To your earlier point, from a growth perspective, you know, we're now the number one company in China by revenue. A lot of that is built around the launch of GARDASIL back in 2017, which ultimately, we launched GARDASIL 9 in 2018. It has become, you know, the largest product in China. And quite honestly, we work with a partner, Chongqing Zhifei Biological Products. And anytime that we've wanted to work with any one of the provinces, we always get an open door to try to come in because their goal is, again, to save lives. So as long as we have the right attitude, we're focused on the right thing, which is the patient, I think good things have happened. And obviously, we need to make sure that we're mindful of supply chains and anything that could change.
Great. We're out of time. But let me conclude with the final question. And that is that, you, you probably have a good understanding of how investors view Merck, specifically the ex-U.S. business. What is the one thing that we will realize in the next five to, say, seven years that we don't appreciate now about the Merck ex-U.S. business?

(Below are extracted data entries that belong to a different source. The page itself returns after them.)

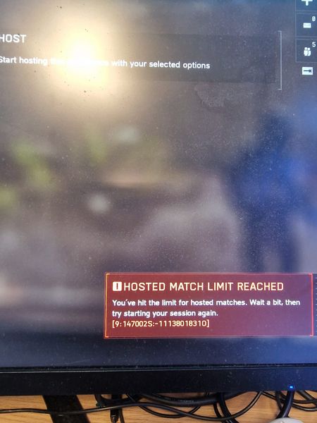Today I've tried to start my new portal custom map but this error appeared: HOSTED MATCH LIMIT REACHED [9:147002S:-11138018310]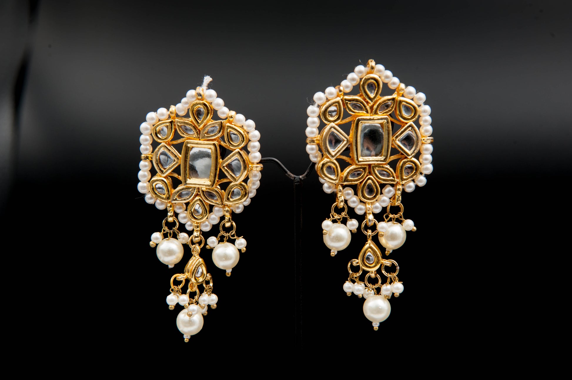 A vision of bridal elegance, Golden Veil features a wide choker and matching earrings crafted in intricate gold filigree and luminous white stones. The choker’s symmetrical design is richly embellished, culminating in a fringe of pearl strands that sway with grace. Each earring echoes the choker’s central motif, with delicate gold detailing and pearl drops that add softness and movement. This set is ideal for weddings and grand celebrations, offering a timeless blend of opulence and refinement.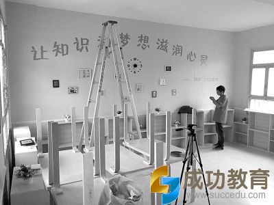 大伙纷纷拆开包裹,组装桌椅,粘贴壁纸,编码图书……
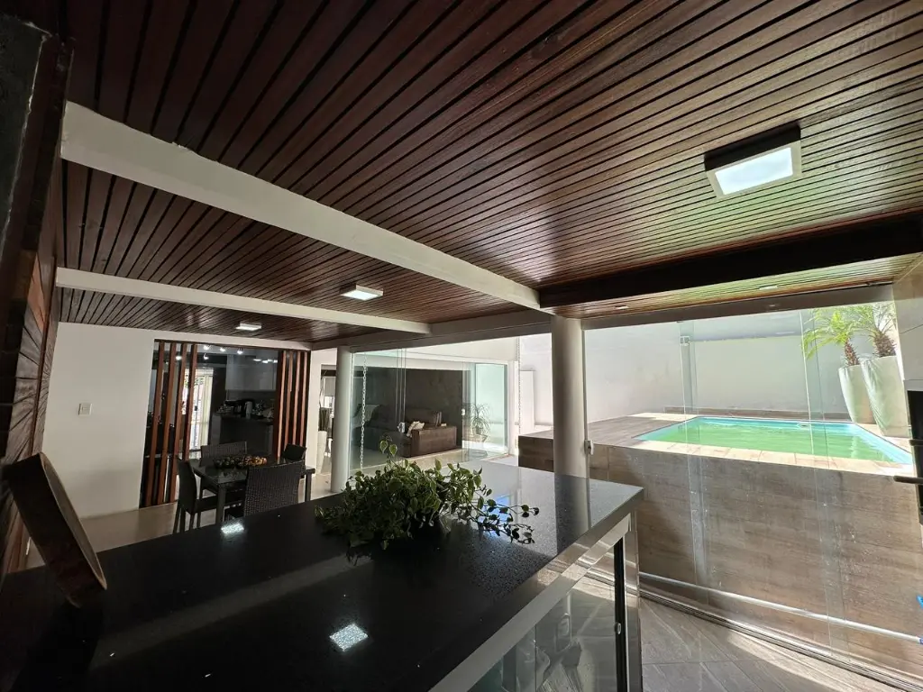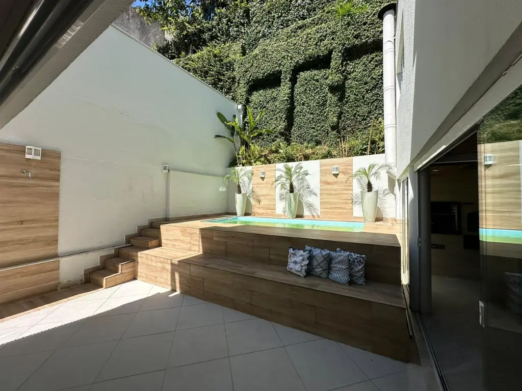 Quintal amplo com varanda, corredor lateral e piscina nos fundos;

You know, I would follow the fact that I think our competitive advantage is our labs. I think Dean under Dean's leadership, I think they've done a fantastic job. This year, we have more phase III studies than any time in our prior history. And I think if those phase III studies play out, whether it's oral PCSK9 or other studies that are happening, I think, you know, kind of many people focused on 2028. I think the work that Rob, Dean, Caroline have done in BD, you know, we're kind of changing that concept of a cliff to more of a concept of a hill. And the more that we can do that work in BD, the more that 2028 takes care of itself. And then we can really focus on, you know, kind of 2030 and what we're doing to help patients beyond.
Great. Sounds like an exciting future. Thank you for being with us. Thank you, everyone, for joining.